Figure 2(c) and (d) illustrate propagating the padding of the layers of the dynamic network into the input tensor.
Figure 3 illustrates a dynamic neural network transformed into head, centre and tail networks in accordance with the principles described herein.
Figure 4 shows a data processing system configured to operate in accordance with the principles described herein.
Figure 5 shows head, centre and tail networks operating, respectively, on a head file, set of centre tiles, and a tail tile.
Figure 6 shows an example of a source neural network for operation on a dynamic input.
Figure 7 illustrates the source neural network of Figure 6 split into dynamic and static subgraphs, with the dynamic subgraph being implemented as a set of static subgraph instances.
Figure 8(a) shows a dynamic neural network split into dynamic and static subgraphs, with combination operations being provided to combine the outputs from a set of instances of a static network representing the dynamic subgraph.
Figure 8(b) shows a dynamic neural network split into dynamic and static subgraphs, with a reduction tree of combination operations being provided to combine the outputs from a set of instances of a static network representing the dynamic subgraph.
Figure 9 illustrates transforming a dynamic neural network into a set of static network instances in two dimensions.
Figure 10 illustrates transforming a dynamic neural network into a set of static network instances using a tiling approach in two dimensions.
Figure 11 shows a sequence of three instances of a static centre network in which the tiling approach is used.

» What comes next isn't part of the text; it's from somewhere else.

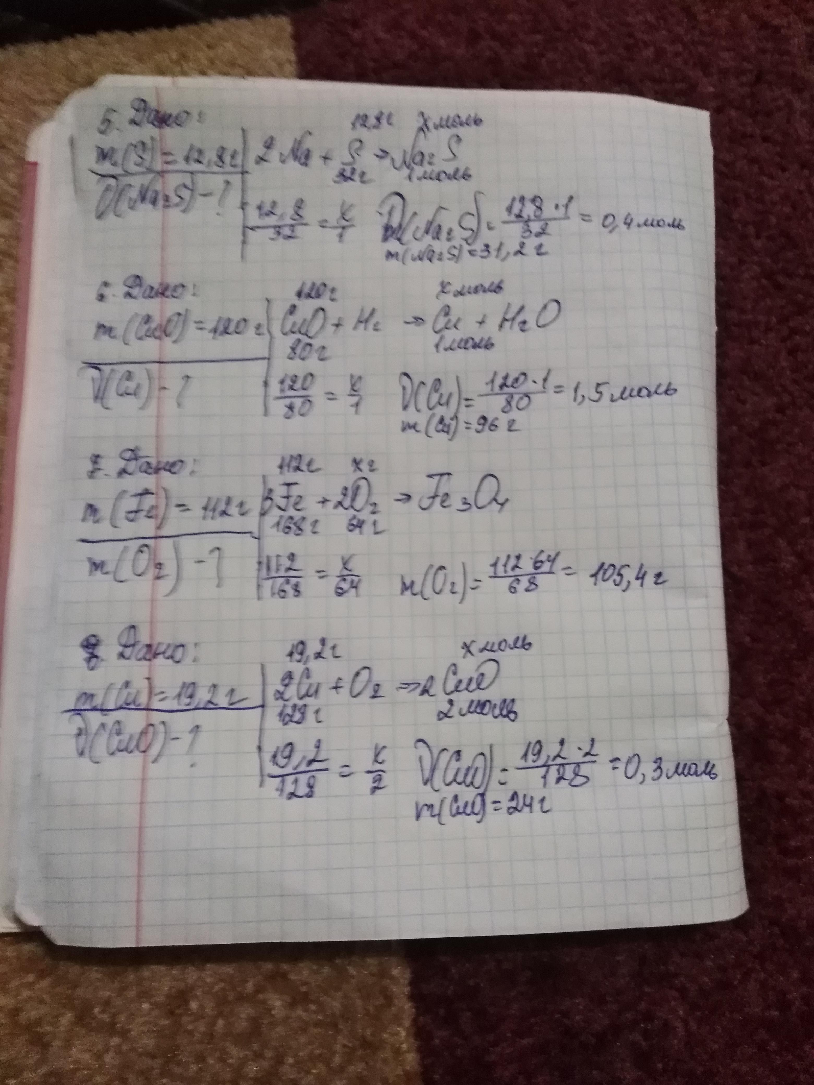 6. Вычислите количество вещества образующейся меди, если в реакцию с водородом вступает оксид меди (II) массой 120 г (CuO + H2 = Cu + H2O).

Figure 12 is a flowchart illustrating an exemplary set of steps for transforming a source neural network in accordance with the described principles into a set of static instances suitable for implementation in hardware.
Figure 13 is a flowchart illustrating the approach of splitting a dynamic network into dynamic and static subgraphs for implementation in hardware.
Figure 14(a) is a flowchart illustrating a tiling approach to implementing a dynamic network in hardware.
Figure 14(b) is a flowchart illustrating the calculation of input tile size for a static network according to the tiling approach of Figure 14(a).
Figure 15 illustrates a masking approach which enables a single static network to be defined which can receive a variable length portion of a dynamic input.
Figures 16(a) to (c) illustrates three different input masks for the static network shown in Figure 15.
Figure 17 is a flowchart illustrating an exemplary approach to implementing a dynamic network in hardware using masking in the tail tile.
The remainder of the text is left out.